> **DIRECTIONS**: Copy out precisely the lines from the start of the data through the line with "太陽光蓄電式手動窓シャッター電動化キット「ソムフィ ソーラーキット」を発売", and keep pictures out of it.

> **INPUT DATA**:
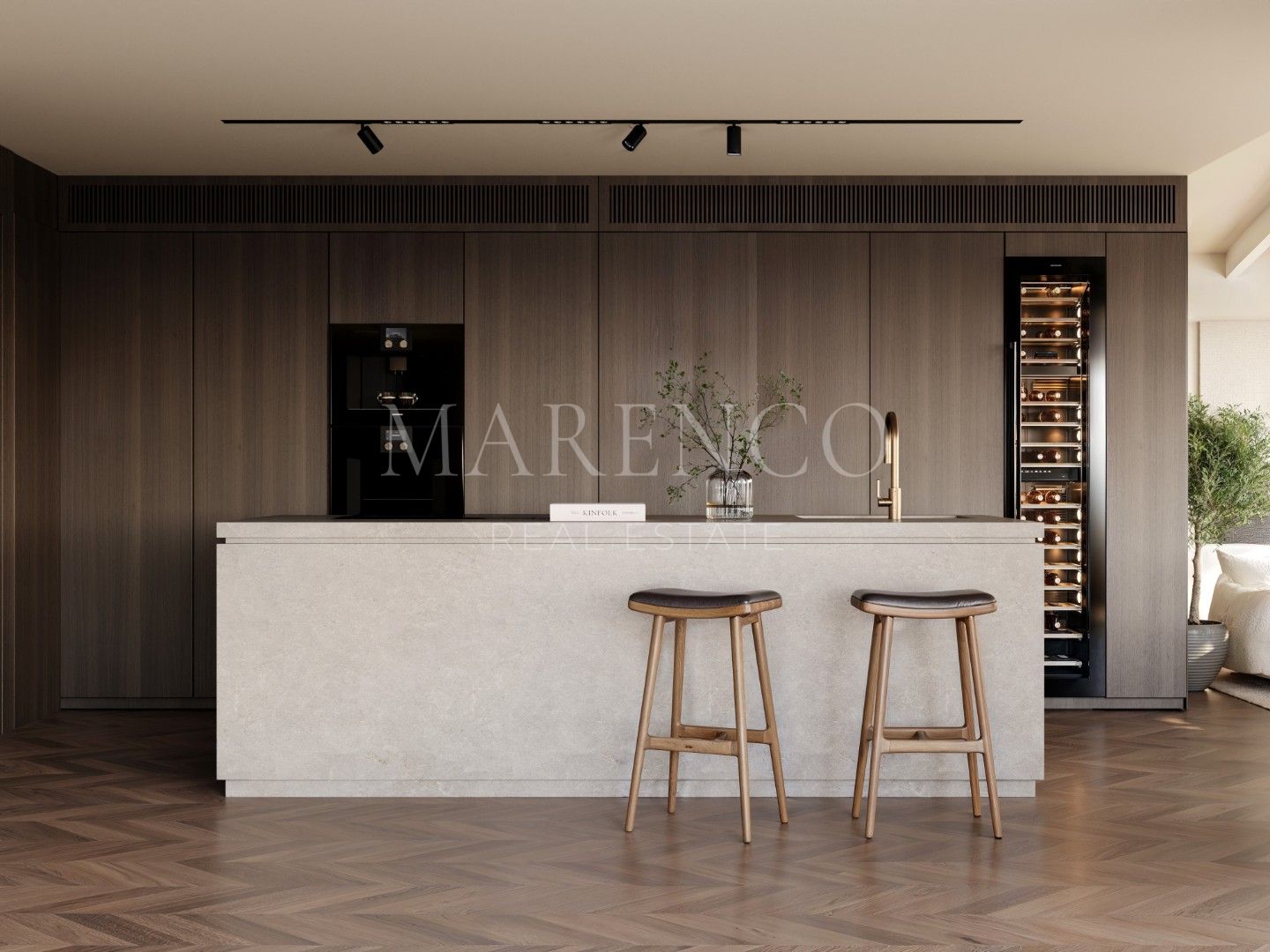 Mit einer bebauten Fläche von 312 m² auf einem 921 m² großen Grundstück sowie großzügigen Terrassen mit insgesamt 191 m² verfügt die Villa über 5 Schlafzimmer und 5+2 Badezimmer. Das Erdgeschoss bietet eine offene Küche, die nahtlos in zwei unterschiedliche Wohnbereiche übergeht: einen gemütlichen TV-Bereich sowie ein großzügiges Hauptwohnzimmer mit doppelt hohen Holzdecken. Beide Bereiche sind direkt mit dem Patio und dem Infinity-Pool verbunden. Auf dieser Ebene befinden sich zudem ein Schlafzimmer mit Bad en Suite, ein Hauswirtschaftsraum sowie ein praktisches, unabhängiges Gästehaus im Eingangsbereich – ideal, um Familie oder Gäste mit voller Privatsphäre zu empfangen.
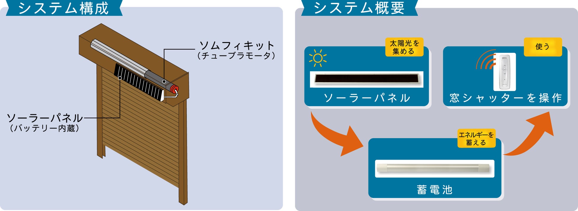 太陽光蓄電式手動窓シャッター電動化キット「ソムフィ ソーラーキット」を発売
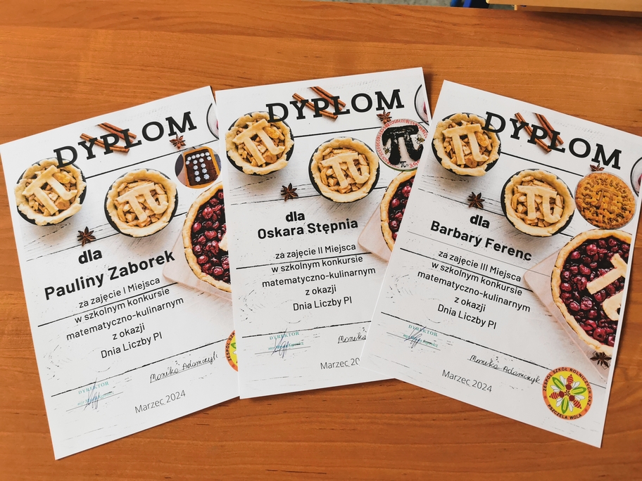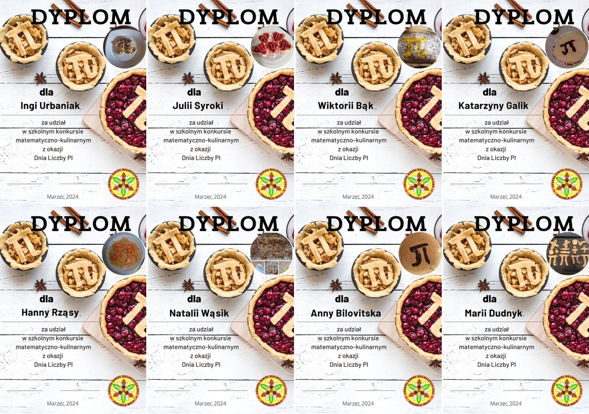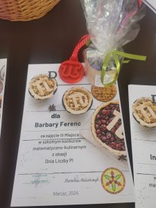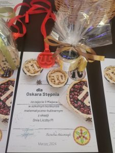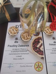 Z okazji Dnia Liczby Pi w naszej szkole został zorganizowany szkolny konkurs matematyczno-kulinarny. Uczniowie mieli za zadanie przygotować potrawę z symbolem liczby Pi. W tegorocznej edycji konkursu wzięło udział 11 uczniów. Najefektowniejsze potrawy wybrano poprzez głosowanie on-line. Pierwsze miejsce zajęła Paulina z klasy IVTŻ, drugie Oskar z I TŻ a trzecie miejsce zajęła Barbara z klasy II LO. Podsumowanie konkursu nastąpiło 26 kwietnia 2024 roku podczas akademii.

> **OUTPUT BELOW**:
 Mit einer bebauten Fläche von 312 m² auf einem 921 m² großen Grundstück sowie großzügigen Terrassen mit insgesamt 191 m² verfügt die Villa über 5 Schlafzimmer und 5+2 Badezimmer. Das Erdgeschoss bietet eine offene Küche, die nahtlos in zwei unterschiedliche Wohnbereiche übergeht: einen gemütlichen TV-Bereich sowie ein großzügiges Hauptwohnzimmer mit doppelt hohen Holzdecken. Beide Bereiche sind direkt mit dem Patio und dem Infinity-Pool verbunden. Auf dieser Ebene befinden sich zudem ein Schlafzimmer mit Bad en Suite, ein Hauswirtschaftsraum sowie ein praktisches, unabhängiges Gästehaus im Eingangsbereich – ideal, um Familie oder Gäste mit voller Privatsphäre zu empfangen.
 太陽光蓄電式手動窓シャッター電動化キット「ソムフィ ソーラーキット」を発売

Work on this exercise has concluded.